In: Chemistry
At a certain temperature, the equilibrium constant for the following chemical equation is 3.20.
SO2 (g) + NO2 (g) ⇌ SO3 (g) + NO (g)
At this temperature, calculate the number of moles of NO2(g) that must be added to 2.40 mol of SO2(g) in order to form 1.00 mol of SO3(g) at equilibrium.

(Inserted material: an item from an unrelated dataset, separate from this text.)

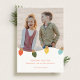 Design de cartão de feriado moderno brilhante e colorido com uma ilustração retrógrada das luzes de Natal que também pode ser personalizada com sua foto e texto. Foto de Emma Goldsmith no Unsplash

Answer – We are given, Kc = 3.20 , moles of SO2(g) = 2.40 moles ,
At equilibrium , moles SO3(g) = 1.00 moles
So ICE chart as follow –
SO2(g) + NO2(g) <-----> SO3(g) + NO(g)
I 2.40 Y 0 0
C -x -x +x +x
E 2.40-x Y-x 1.00 +x
So, x = 1.00
So, at equilibrium, moles of SO2 = 2.40-1.00 = 1.40 moles
Moles of NO2(g) = Y-1.00 , moles of SO3 = 1.00 , moles of NO = 1.00
So, assume volume is 1 L
K =[ SO3(g)] [NO(g)] / [ SO2(g)] [NO2(g)]
3.20 = 1.00*1.00 / 1.40 * (Y-1.00)
3.20 [1.40Y -1.40] = 1
4.48Y – 4.48 = 1
4.48Y = 1 + 4.48
Y = 1.22
So, the 1.22 moles of NO2(g) that must be added to 2.40 mol of SO2(g) in order to form 1.00 mol of SO3(g) at equilibrium.